Motivation

I went to this Metallica art exhibit last night. And although I had a fascinating conversation with Bob Rock wherein he told the story of his manager, Bruce Allen, imploring him to check out Michael Buble, ("You’re gonna want to leave, just give it THREE SONGS!") and how this led him to doing half of Buble’s last two albums the highlight was the freewheeling dinner after the show.

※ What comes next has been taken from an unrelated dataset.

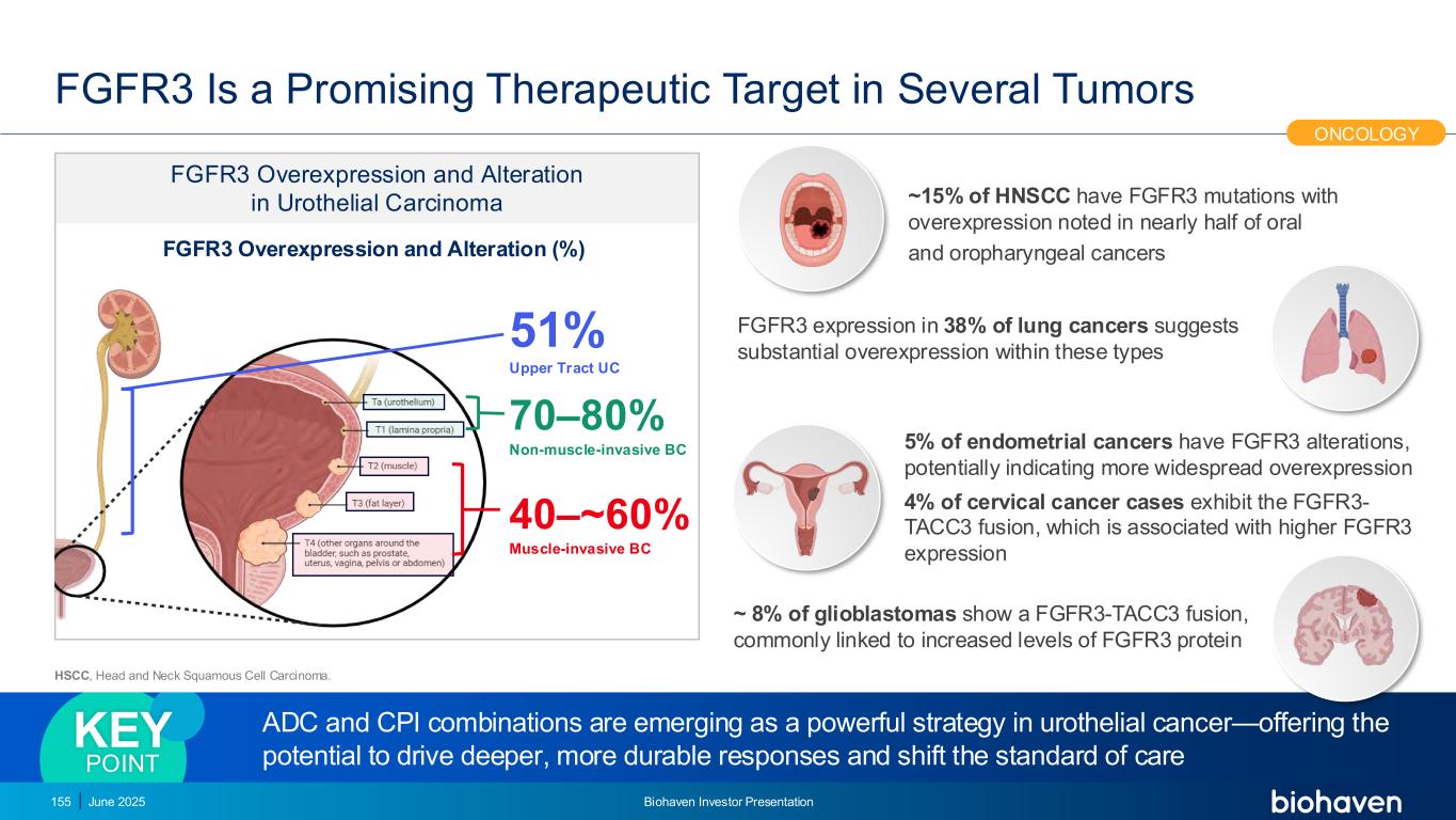 FGFR3是几种肿瘤中一个很有希望的治疗靶点2025年6月Biohaven投资者介绍155肿瘤学5%的子宫内膜癌有FGFR3改变,可能表明更广泛的过表达4%的宫颈癌病例表现出FGFR3-TACC3融合,与38%的肺癌中更高的FGFR3表达相关FGFR3表达提示这些类型内存在实质性过表达FGFR3在尿路上皮癌中的过度表达和改变FGFR3过度表达和改变(%)51%上束UC 40 –~60%肌肉浸润性BC 70 – 80%非肌肉浸润性BC~15%的HNSCC具有FGFR3突变,在近一半的口腔和口咽癌ADC和CPI组合中发现了过表达,这正在成为尿路上皮癌的一种强有力的策略——提供了推动更深入、更持久的反应和改变护理标准的潜力关键点~8%的胶质母细胞瘤显示FGFR3-TACC3融合,通常与FGFR3蛋白HSCC、头颈部鳞状细胞癌水平升高有关。

Sitting around a seemingly endless rectangular table at a Japanese restaurant I became engaged with one Brian Bumbery, who told me he was wearing his ten dollar Uniqlo jeans and this devolved into a conversation about mileage runs, Brian’s got Premier Executive 100k status on United, and suddenly we were best friends. To the point where I got Brian’s backstory. How he went from broken home to becoming the publicist for Metallica, Muse, Red Hot Chili Peppers, Green Day, My Chemical Romance… A journey from paying half his salary to live in a tiny apartment with his significant other to planning this gallery event we just attended.

After Brian was gone, standing on the sidewalk I asked the assembled multitude if Brian was any good. THE BEST! HE’S RELENTLESS! NOT THAT HE’S OVERBEARING, HE JUST CONVINCES OUTLETS THAT HIS BANDS DESERVE THE COVER!

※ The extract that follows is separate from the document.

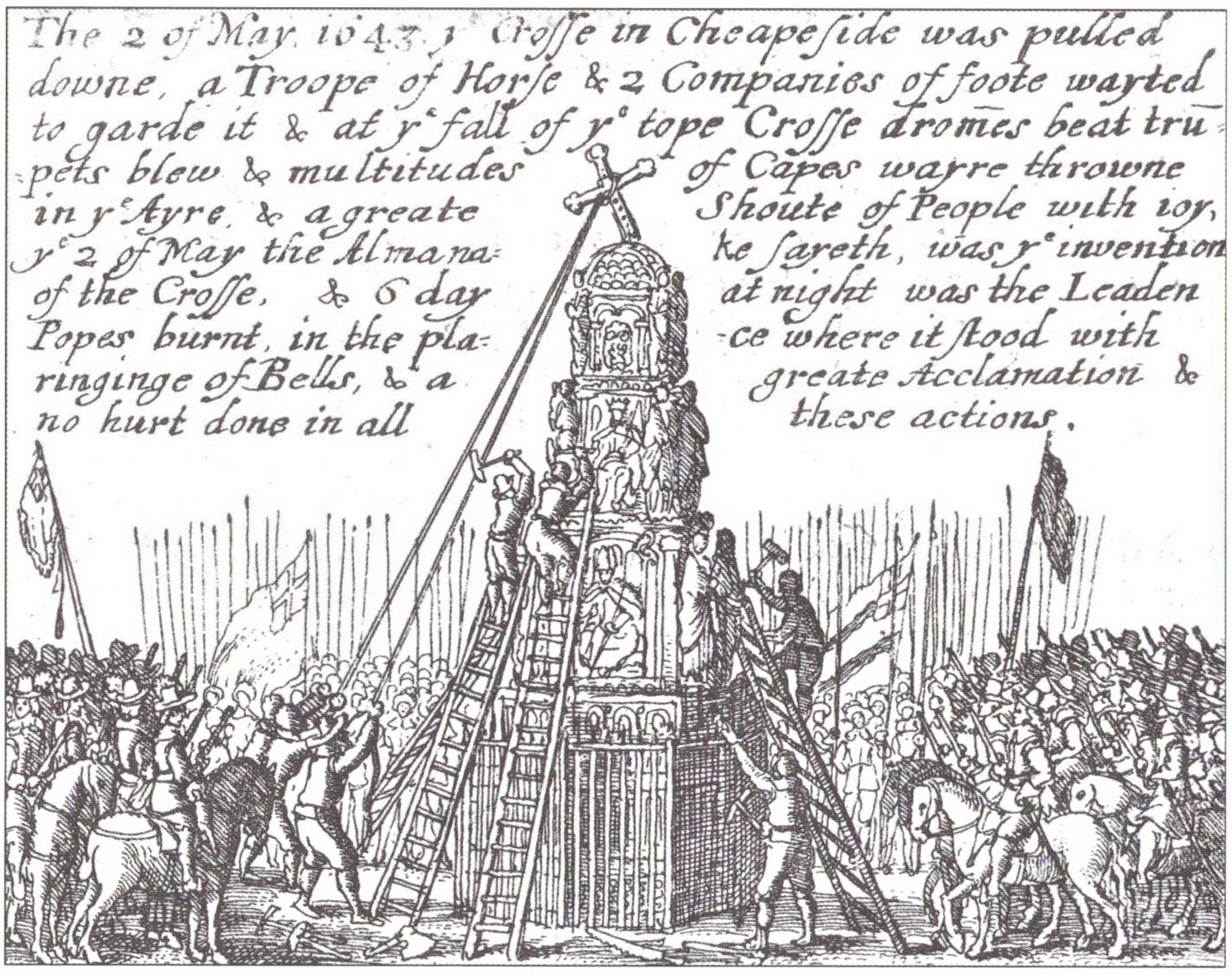 By the 1640s religious divisions in the country had deepened yet further, the liturgical innovations promoted by Archbishop William Laud being widely interpreted as a shift back towards Catholicism. Thus, when England drifted into civil war, Parliament emerged as the champion not just of political reform but of the Protestant cause itself. This left Cheapside Cross extremely vulnerable. Vandalism of its statues resumed, and a vigorous pamphlet war developed between its opponents and supporters, with the monument denounced in ever more virulent terms as a physical obstacle to a truly reformed Church. Tracts such as The Downe-fall of Dagon (1643) even compared the Cross to a pagan idol in the Old Testament destroyed by God’s power.

And it was after listening to Brian’s life story that Mike Dirnt chipped in with tales from his own, interactions with his estranged dad and his decision to wash cars instead of having a paper route.

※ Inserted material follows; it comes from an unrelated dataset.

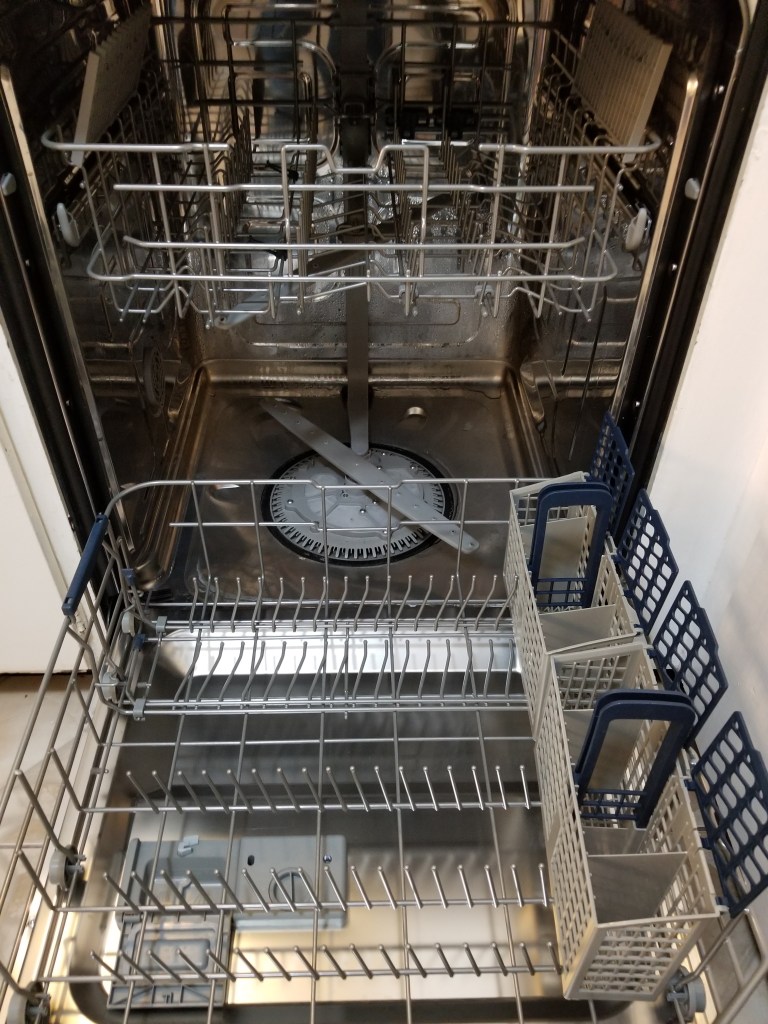 In my defense, it is pretty fabulous. The shelves both have high clearance, the racks fold down in places so I can put in those large dishes that I’ve always had to wash by hand, and it has a second sprayer on the upper shelf to wash those dishes better. Anyone would get excited about that, right?

He was in second grade, maybe it was third, Mike wasn’t sure. And he went to stay at a friend’s house but was warned his buddy would be getting up early, leaving to deposit papers on doorsteps around the neighborhood. And Mike just couldn’t understand it, all this torture for sixty bucks a month.

So Mike went into business for himself. Washing cars. He’d knock on neighbors’ doors, point to where he lived, and said he was washing cars for a buck. He didn’t want the high rent vehicles, he wasn’t interested in those worried about their cars getting scratched, but those who truly had dirty vehicles.

And Mike ended up making sixty bucks a WEEKEND!

Which he mostly blew on candy and the like, but he needed the money, he had none.

Is it any wonder that Brian Bumbery and Mike Dirnt became successful? People just see the end result, they’ve got no idea of the hard work it takes to truly establish yourself. Or they think shortcuts work. Sure, there are exceptions, like Kelly Clarkson and Carrie Underwood, then again their overnight television success was preceded by years of slogging in obscurity.

It’s so hard to make it. We’re exposed to only the successes, not the failures. But these people NEEDED to make it. Not only for the notoriety, but frequently purely to exist, they had no backstop, no one to call to pay the bills.

That’s the American way.

And isn’t it interesting that despite those from good families getting great educations who end up wealthy as a result of inheritance or financial/professional jobs, the true innovations come from those highly motivated, who risked it all.